Armed with trustworthy, current pavement condition data, Newton shifted from reactive to proactive program management.
Newton manages a dense, mixed-use street network where school traffic, bus routes, and freeze-thaw cycles stress pavement differently across neighborhoods. Outdated or inconsistent data left leaders unsure which roads to fix and when, making accurate paving budgets hard to defend. Crews were often reactive to complaints without a clear prioritization method, leading to potholes, flat tires, and frustrated residents asking why their street was not selected.

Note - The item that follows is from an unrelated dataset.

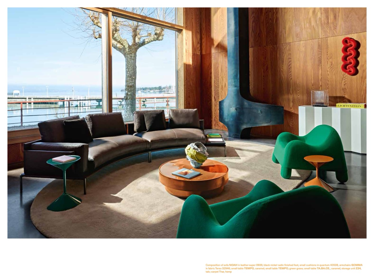 in fabric Terso 32946; small table TEMPO, caramel; small table TEMPO, green grass; small table TA.BA.CE., caramel; storage unit Z24,

Newton selected Cyvl to rapidly survey the entire network using vehicle-mounted LiDAR and sensors, capturing lane-level pavement condition across 282 roadway miles. Within weeks, Cyvl’s Infrastructure Intelligence platform applied AI to produce objective condition scores, block-by-block analytics, and interactive maps, delivered on September 24, 2024. The city received prioritized repair lists, scenario-based paving plans, and exportable, defensible reports that enable faster decisions and field action.
Armed with trustworthy, current pavement condition data, Newton shifted from reactive to proactive program management. By replacing months-long manual assessments with a weeks-long data pipeline, the city scheduled paving and repairs sooner, shrinking the gap between data collection and construction. Residents benefit from faster fixes, clearer timelines, and transparent explanations of how taxpayer dollars are allocated.